It is unlikely that Washington will get any new dealers, either. Federal licensing requirements mandate that would-be dealers meet local guidelines and zoning ordinances. Representatives of each of the district’s eight council wards said they would vigorously oppose a gun shop in their area. They also said discussions had already begun over which regulations they might use to keep one from opening.

Rob continues

The only problem? As of now, D.C. Zoning Code says nothing about gun shops. Another issue to throw into the mix over in the D.C. zoning update …

I admit, right off the bat, that I am no Constitutional law scholar. How-ever, it seems to me that, ultimately, some-thing has to occur to allow gun shops to operate within the District’s boundaries. As much as the Supreme Court has ravished the Constitution in the name of police power (specifically, the Fifth Amendment, in Berman v. Parker and Kelo v. City of New London), the protections (in the Fifth Amendment case, against takings) still exist de jure, if only in a viciously restricted manner, if not de facto. By the same token, in light of Heller, I can-not imagine that any zoning enacted to prevent the operation of a gun shop, which, in effect, is the exercise of police power to prohibit the exercise of the Second Amendment right to bear arms, would with-stand a law-suit. How any other, non-zoning, ordinance might effectively preclude the opening of a gun store in Washington with-out suffering a similarly appropriate fate, I know not. I can only hope that, some-day, John Washingtonian can exercise the right properly to protect him-self, his family, and his property, against tyrant or thug, as guaranteed by the Constitution and affirmed by the Supreme Court, D.C. nanny-staters be damned.

All Heller breaks loose.

My timidly confessing to agreement with JA’s comment in response to Jim Manzi notwithstanding, I do believe in the (non-absolute) right to arm oneself appropriately as a matter of personal defense, against both common street thugs and the same sort of government that enforces the USA PATRIOT Act. (Paranoid?
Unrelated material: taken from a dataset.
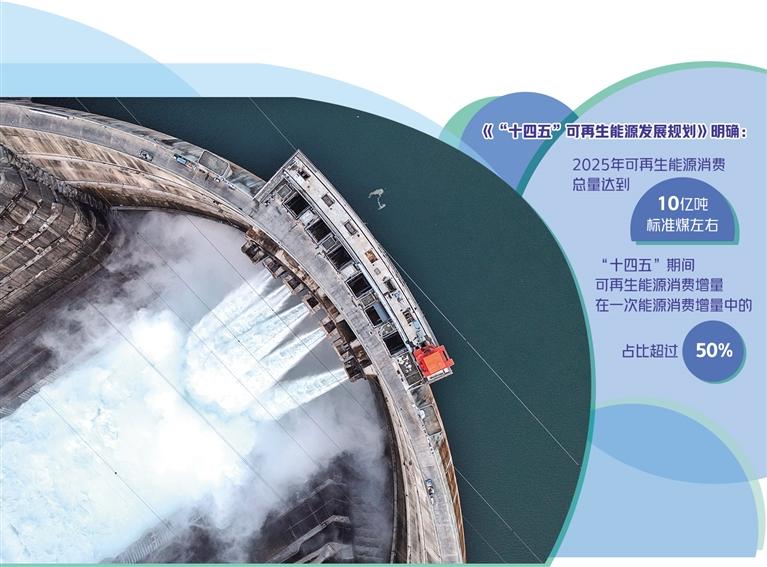 为实现可再生能源高质量跃升发展,《规划》锚定碳达峰、碳中和目标,紧紧围绕2025年非化石能源消费比重达到20%左右的要求,明确2025年可再生能源消费总量达到10亿吨标准煤左右,“十四五”期间可再生能源消费增量在一次能源消费增量中的占比超过50%。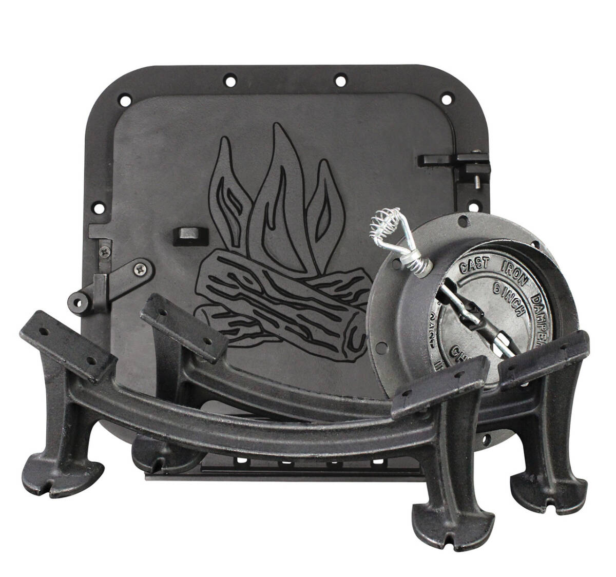 - ALL-IN-ONE KIT: Includes 2 legs, cast iron door with cam lock latch, flue collar with damper, and all mounting hardware

Maybe. Only maybe.) This being the case, I’m not perturbed by this unsurprising response:

A powerful pro-gun lobby group in the United States has filed legal challenges to handgun bans in San Francisco and Chicago.

I really enjoy how this issue has set lefty mayor Gavin “Pretty-boy Adulterer” Newsome against at least one gay citizen:

The NRA is joined in the San Francisco suit by a gay man living in a government-owned housing development who says he needs a gun to protect himself from potential hate crimes.

San Francisco Mayor Gavin Newsom said the city would “vigorously fight the NRA” and said the ban was good for public safety.